Hands typing on a laptop keyboard
Google just changed the wording of its privacy policy, and it’s quite an eye-opening adjustment that has been applied to encompass the AI tech the firm is working with.
As TechSpot reports, there’s a section of the privacy policy where Google discusses how it collects information (about you) from publicly accessible sources, and clarifying that, there’s a note that reads: “For example, we may collect information that’s publicly available online or from other public sources to help train Google’s AI models and build products and features, like Google Translate, Bard and Cloud AI capabilities.”
Preivously, that paragraph read that the publicly available info would be used to train “language models” and only mentioned Google Translate.
So, this section has been expanded to make it clear that training is happening with AI models and Bard.
It’s a telling change, and basically points out that anything you post online publicly may be picked up and used by Google’s Bard AI.
Analysis: So what about privacy, plagiarism, and other concerns?
We already knew that Google’s Bard, and indeed Microsoft’s Bing AI for that matter, are essentially giant data hoovers, extracting and crunching online content from all over the web to refine conclusions on every topic under the sun that they might be questioned on.

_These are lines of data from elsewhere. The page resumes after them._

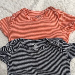 Charming Carter's tees with coral and navy stripes. Soft and stylish for any occasion.
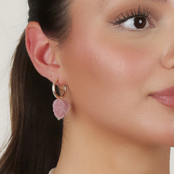 Morsomme og fargerike øredobber i 14 karat gullbelagt messing med zirkonia og et hjerteanheng i gummiharpiks (med sukkeraktig tekstur). Ørering: Diameter 20 mm. Hjerte-anheng: Høyde 19 mm. Bredde 20 mm. Nikkelfri.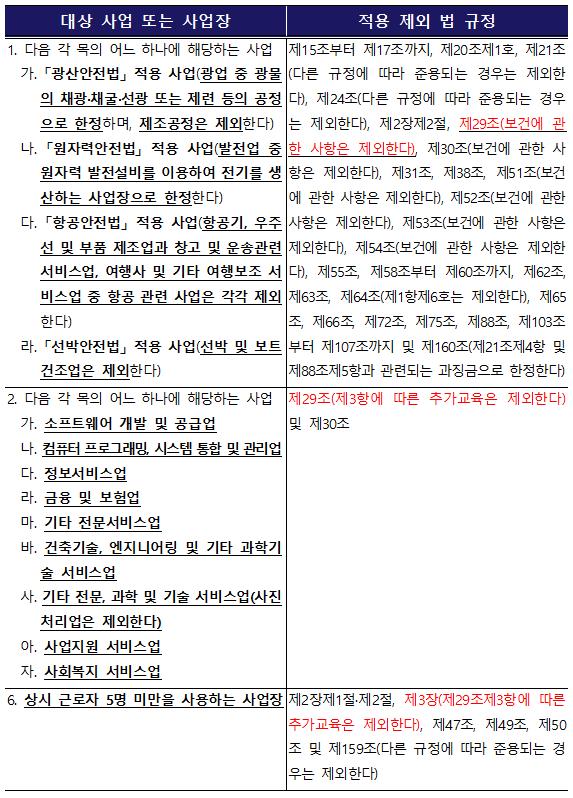 근로자 정기 안전 보건 교육 제외 대상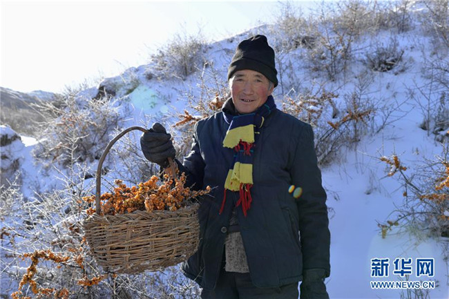 12月18日,當(dāng)?shù)厝罕娫谇逅涌h野生沙棘保護(hù)地采摘沙棘果。  新華社記者 徐欽 攝

This change to Google’s privacy policy makes it crystal clear that its AI is operating in this manner, and seeing it in cold, hard, text on the screen, may make some folks step back and question this a bit more.
After all, Google has had Bard out for a while now, so has been working in this manner for some time, and has only just decided to update its policy? That in itself seems pretty sly.
Don’t want stuff you’ve posted online where other people can see it to be used to train Google’s big AI machinery? Well, tough. If it’s out there, it’s fair game, and if you want to argue with Google, good luck with that. Despite the obvious concerns around not just basic privacy issues, but plagiarism (if an AI reply uses content written by others, picked up by Bard’s training) – where do any boundaries lie with the latter? Of course, it’d be impractical (or indeed impossible) to police that anyway.
Story continues
There are broader issues around accuracy and misinformation when data is scraped from the web in a major-scale fashion, too, of course.
On top of this, there are worries recently expressed by platforms like Reddit and Twitter, with Elon Musk apparently taking a stand against “scraping people’s public Twitter data to build AI models” with those frustrating limitations that have just been brought in (which could be big win for Zuckerberg and Threads, ultimately).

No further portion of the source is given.